If Generate functionality is configured on your system, IdentityIQ can generate new account passwords. This functionality is only available when changing passwords for others.

1. On the Identity Details > Passwords page, select the checkboxes next to the appropriate accounts or use the checkbox in the header to select all accounts.

2. Select Generate at the top right side of the page. Because the system generates the password, there is no prompt for new password entry.

3. If you are generating passwords for more than one account, select:

   • Synchronize Password for All to generate a new single password for all the selected accounts.

   • Or Individual Passwords for All to generate a new password for all the selected accounts.

4. Select Submit.

5. Note the new password(s), then select Ok.

The option to generate passwords for the selected accounts can be turned on or off from gear > Lifecycle Manager > Configure > Manage Password Options.

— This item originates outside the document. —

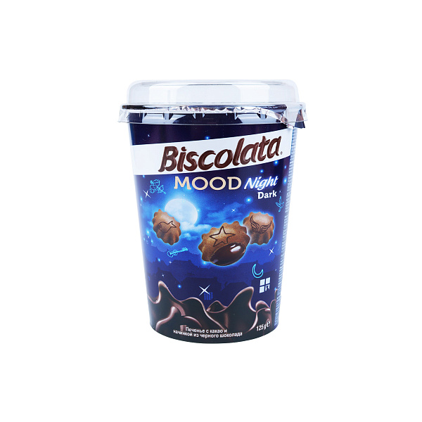 Печенье Biscolata станет излюбленным лакомством для каждого ребенка. Сладость упакована в красочный стакан, выполненный в оригинальной тематите: на темном небе красуются печеньки с надписью "MOOD Night Dark". Так каждый сладкоежка поймет, что внутри сладних печений начинка из темного шоколада с насыщенным характерным аромаом какао. В составе печений использована мука высшего сорта, а также добавление какао, что усиливает шоколадную сладость. При этом каждую печеньку украшает схематичный рисунок звезды, крыльев или хвоста. Такое лакомство не только чудесно утолит голод, но и превратит поедание сладости в увлекательную игру с отгадыванием рисунков.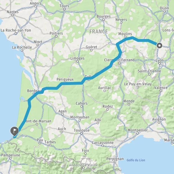 Prendre à droite et rejoindre A63. Continuer sur 172 kilomètres

Select or clear the checkbox option for Enable password auto-generation in requesting for others.

Note

If you click the Home button, exit the IdentityIQ application, or navigate away from the manage access pages before you complete all tasks, your entries are cleared and the access request is NOT submitted.

Synchronizing Passwords Across Accounts

If more than one of an identity's account passwords are being changed and the new passwords should all be identical, you can use the Sync button to apply a single, manually-entered password to all of the selected accounts.

1. On the Identity Details > Passwords page, select the checkboxes next to the appropriate accounts or use the checkbox in the header to select all accounts.

2. Select Sync at the top right side of the page.

3. In the Synchronize Passwords dialog, enter a New Password, then re-enter to Confirm Password.

4. Select Submit.

Note

If you click the Home button, exit the IdentityIQ application, or navigate away from the manage access pages before you complete all tasks, your entries are cleared and the access request is NOT submitted.

LCM Manage Passwords Workflow

By default, application password requests (forgot, expired, or change), either self-service or for others, invoke the LCM Manage Passwords workflow. This workflow's default configuration requires no application-owner or manager approvals on a password change. It creates and processes a provisioning plan that contains the requested password changes and then notifies the user by email when the change is complete.

If the change request is for an account whose application is configured with a Change Password provisioning policy, additional information is required before the change occurs.

The default email template for password change notification sends a summary of the change request. This includes the requester, some representation of the new password, and any comments entered on the request (from the Summary of Requests window). If the password was system generated, that password is included in the email body. If it was a manually entered password, it is displayed in the email body as ******; in the case of request-for-others password resets, the new password value must be verbally, or otherwise, communicated to the user by the person who made the change.

To direct IdentityIQ to use a different, custom workflow for password management, create a workflow of type LCMProvisioning and select it as the Manage Passwords business process on the Lifecycle Manager Configuration window's Business Processes tab.